The data —
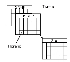 Cromossomo O PROBLEMA DE GERAÇÃO DE HORÁRIOS.pdf - Pagina 4.Para representar a solução no problema da geração de horários, foi escolhida uma formaintuitiva, onde cada gene representa um slot (ex: segunda-feira às 8:00 h). Um cromossomo seriarepresentado por uma matriz tri-dimensional (Número de turmas X Número de Dias X Número deHorários). A representação proposta tem a vantagem de não permitir, devido a sua codificação, queduas disciplinas referentes a mesma turma sejam lecionadas no mesmo horário. Porém, não garante anão ocorrência de colisões de professores e outras restrições.Cada indivíduo é formado por uma matriz de três dimensões conforme mostrado na figura
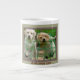 Framade bilder av två roliga valpar på en vit, stöt, keramik, mugg
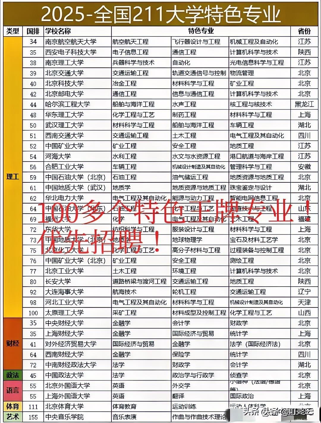 就业王牌!全国211大学100个特色王牌专业汇总揭秘!选对专业,就业有保障,优先获得招聘机会!比如说,1.西安电子科技大学:电子信息工程、通信工程、计算机科学与技术; 2.北京科技大学:冶金工程、材料工程、矿业科学与工程等等; 3.武汉理工大学:材料科学与工程、车辆工程、船舶与海洋工程;欢迎评论区留言补充,并交流讨论。[点亮平安灯][点亮平安灯][烟花][烟花] 本文汇总60所大学100多个特色王牌专业,在经济不景气形势下,面临就业寒冬,这些专业毕业生就像冬日暖阳,就业择业有特殊优势!速速围观揭秘详细内容![点亮平安灯][点亮平安灯][烟花][烟花] 欢迎关注@叮咚云 将优先为粉丝职业规划指导,1对1咨询是付费服务,为你定制最适合的就业择业方案!欢迎留言交流讨论。[来看我][来看我] 免责声明:图片来自网络,仅供参考!
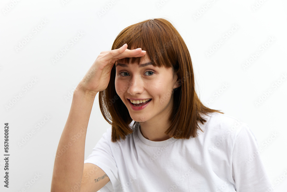 a funny, funny, cheerful woman stands on a white background in a white T-shirt and leaning her hand to her forehead looks at the camera smiling sweetly
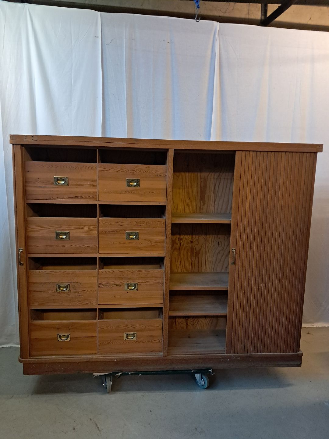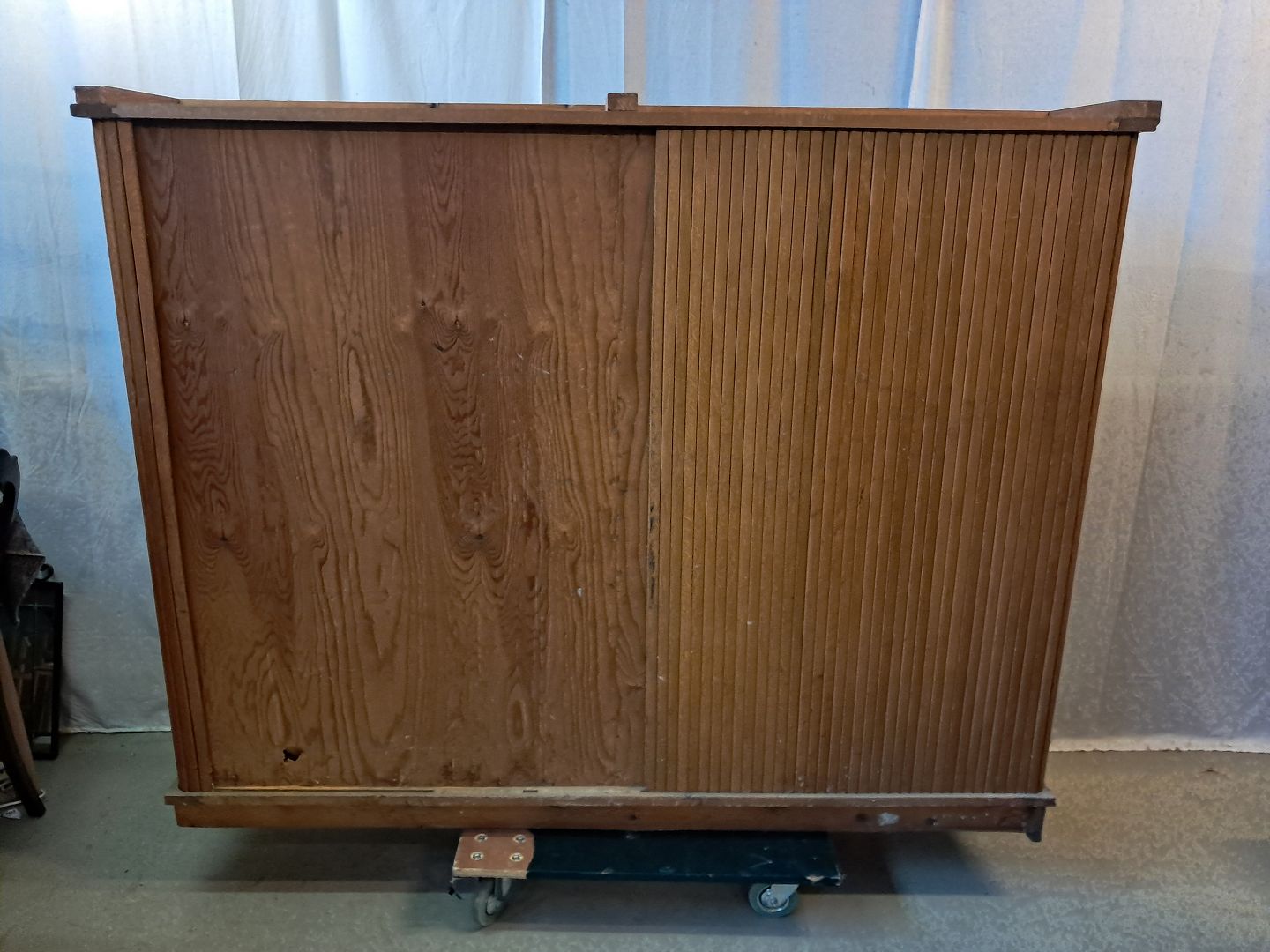 Jalousiskab i fineret egetræ, fra 1950erne.
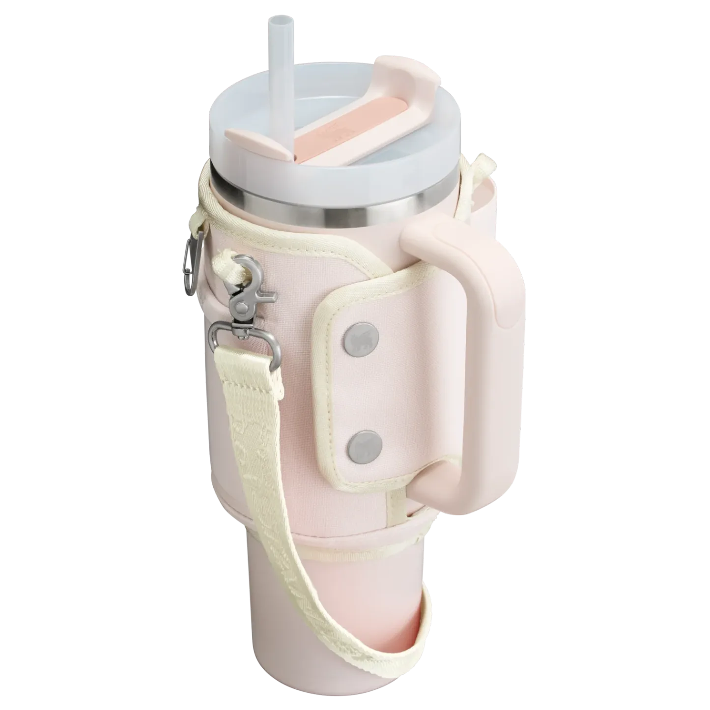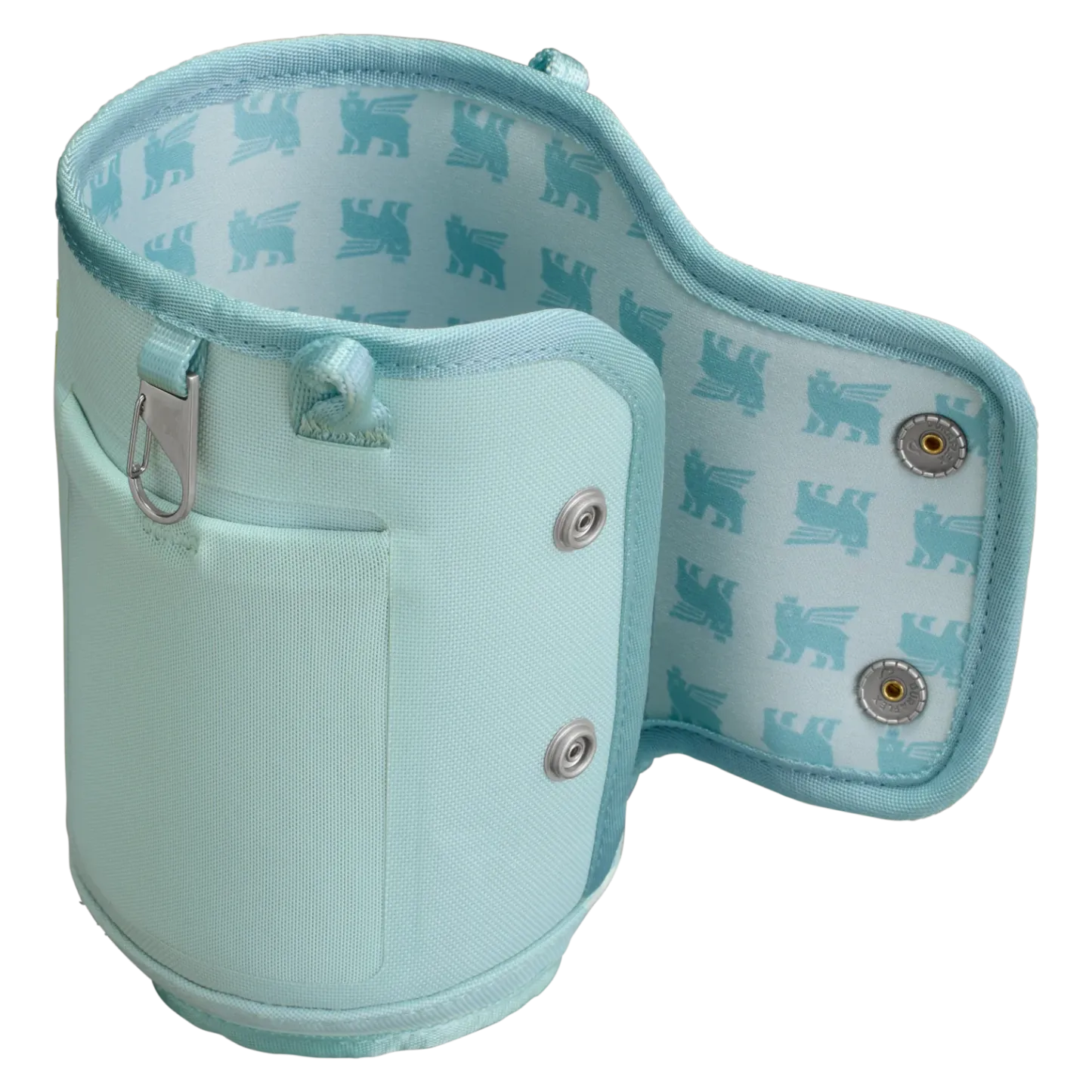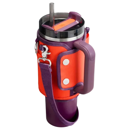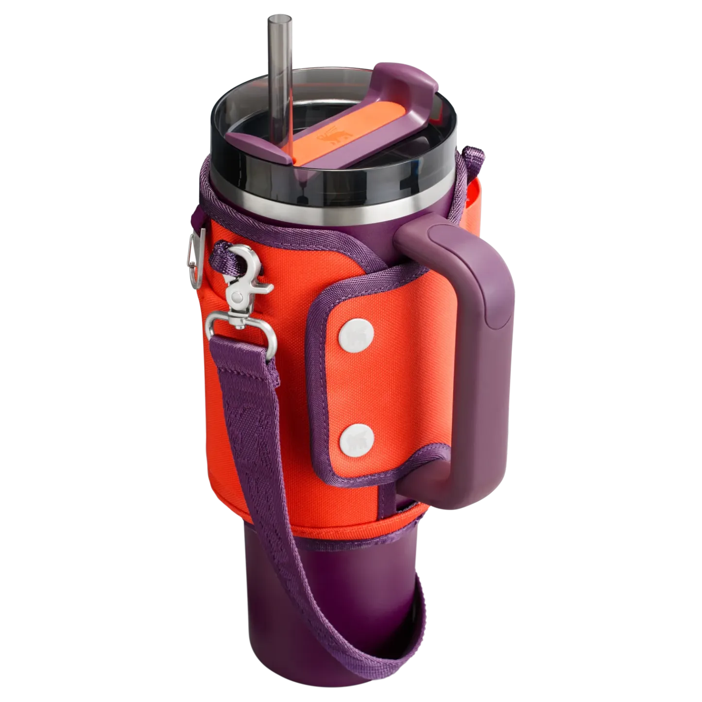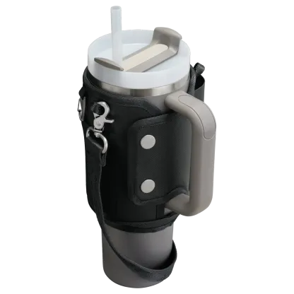 Welcome to hands-free hydration—with pockets! Made of 100% recycled polyester, style meets function in a vivid array of colors. Keep the All Day 40 oz Quencher Carry-All by your side to meet your hydration goals. Wrap the band, lined with a winged bear pattern, around your 40-ounce Quencher and secure with the double snap closure. Sling the strap across your body, hold onto your loved ones and have fun.
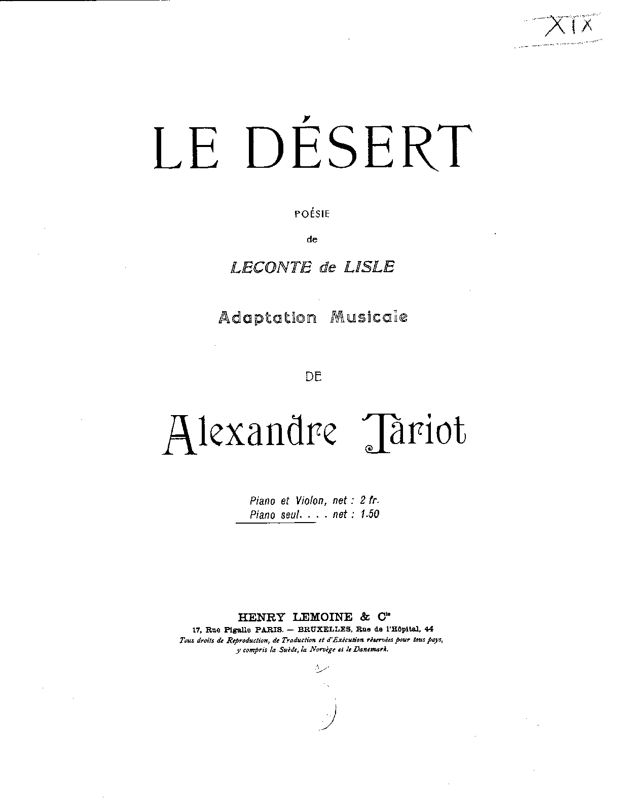 | Dedication | Pour Monsieur (Léon) Brémont (1852-1939) |
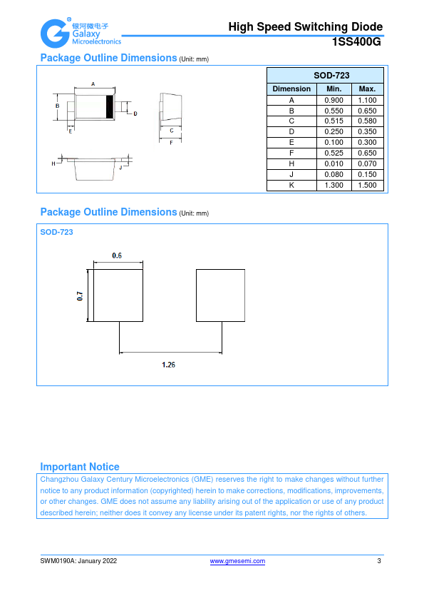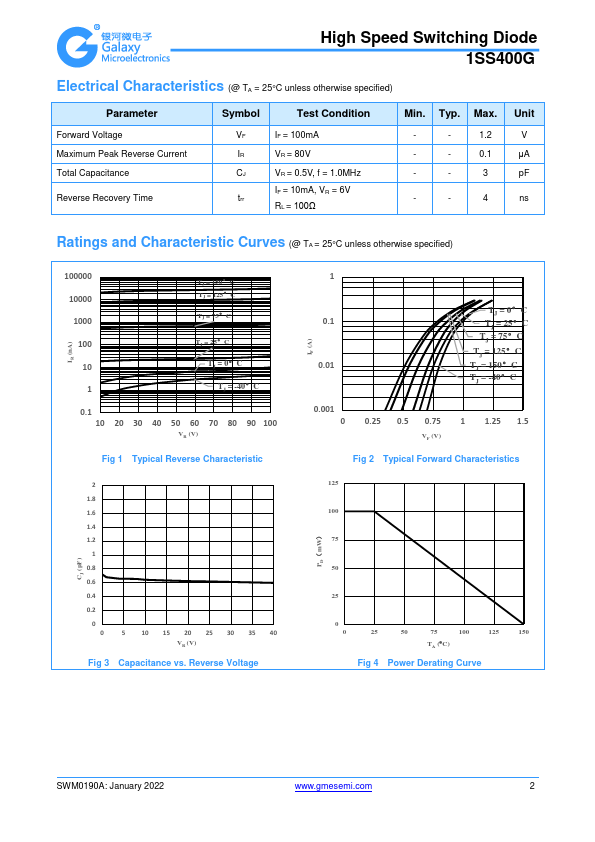 Features High speed and high reliability High Speed Switching Diode 1SS400G Case: UL Flammability Classification Rating 94V-0 Terminals: 2 Package Outline Dimensions (Unit:.
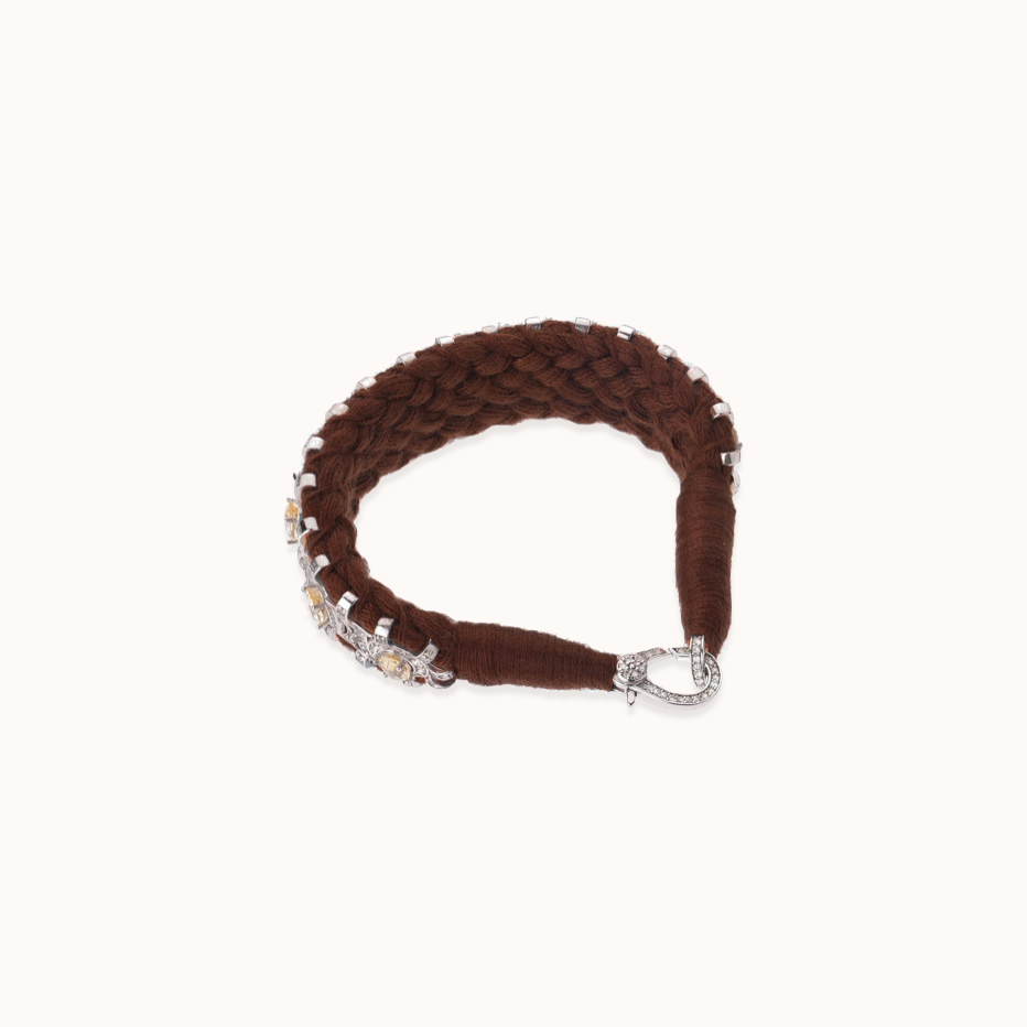 Pulseira em prata 925, fio de algodão, citrino e diamantes.
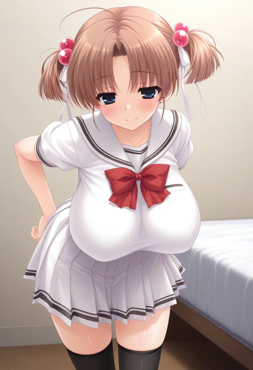 Recommend Prompt:Miyu Kanzaki, blue eyes, brown hair, shoulder-length hair, twintails, hair ribbon, red bubble hair ornament,
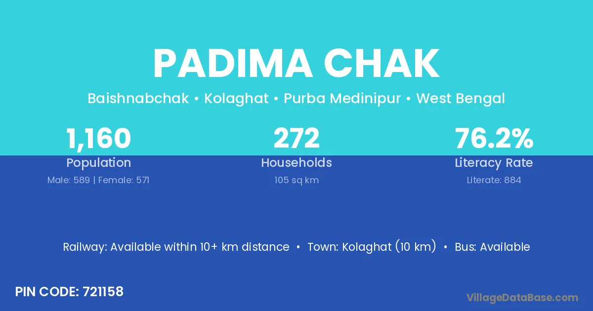 Kolaghat (10 km) is the nearest town to Padima Chak village for major economic activities and is located approximately 10 km away.

Instructions to follow —
Reproduce, exactly and only, the lines of the records above starting at the line with "a funny, funny, cheerful" and ending at the line with "Brémont (1852-1939) |", both included. Leave every picture out.

Solution for this exercise —
 a funny, funny, cheerful woman stands on a white background in a white T-shirt and leaning her hand to her forehead looks at the camera smiling sweetly
 Jalousiskab i fineret egetræ, fra 1950erne.
 Welcome to hands-free hydration—with pockets! Made of 100% recycled polyester, style meets function in a vivid array of colors. Keep the All Day 40 oz Quencher Carry-All by your side to meet your hydration goals. Wrap the band, lined with a winged bear pattern, around your 40-ounce Quencher and secure with the double snap closure. Sling the strap across your body, hold onto your loved ones and have fun.
 | Dedication | Pour Monsieur (Léon) Brémont (1852-1939) |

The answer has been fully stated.